Neural networks supporting switching, hypothesis testing, and rule application.

We identified dynamic changes in recruitment of neural connectivity networks across three phases of a flexible rule learning and set-shifting task similar to the Wisconsin Card Sort Task: switching, rule learning via hypothesis testing, and rule application. During fMRI scanning, subjects viewed pairs of stimuli that differed across four dimensions (letter, color, size, screen location), chose one stimulus, and received feedback.
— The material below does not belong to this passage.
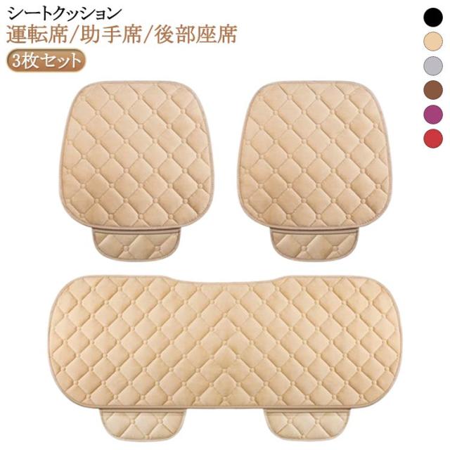 おしゃれ 3枚セット 1台分 クッション 全席 シートカバー セット 前席 後部座席 ポケット カーシート 座布団 シートカバーシート カークッション 座布団 車座布団 カー用品 取付簡単 滑り止め 車イスクッション 車用 汎用 アクセサリー 内装 運転席 助手席

Subjects were informed that the correct choice was determined by a simple unidimensional rule, for example "choose the blue letter". Once each rule had been learned and correctly applied for 4-7 trials, subjects were cued via either negative feedback or visual cues to switch to learning a new rule. Task performance was divided into three phases: Switching (first trial after receiving the switch cue), hypothesis testing (subsequent trials through the last error trial), and rule application (correct responding after the rule was learned). We used both univariate analysis to characterize activity occurring within specific regions of the brain, and a multivariate method, constrained principal component analysis for fMRI (fMRI-CPCA), to investigate how distributed regions coordinate to subserve different processes. As hypothesized, switching was subserved by a limbic network including the ventral striatum, thalamus, and parahippocampal gyrus, in conjunction with cortical salience network regions including the anterior cingulate and frontoinsular cortex. Activity in the ventral striatum was associated with switching regardless of how switching was cued; visually cued shifts were associated with additional visual cortical activity. After switching, as subjects moved into the hypothesis testing phase, a broad fronto-parietal-striatal network (associated with the cognitive control, dorsal attention, and salience networks) increased in activity. This network was sensitive to rule learning speed, with greater extended activity for the slowest learning speed late in the time course of learning. As subjects shifted from hypothesis testing to rule application, activity in this network decreased and activity in the somatomotor and default mode networks increased.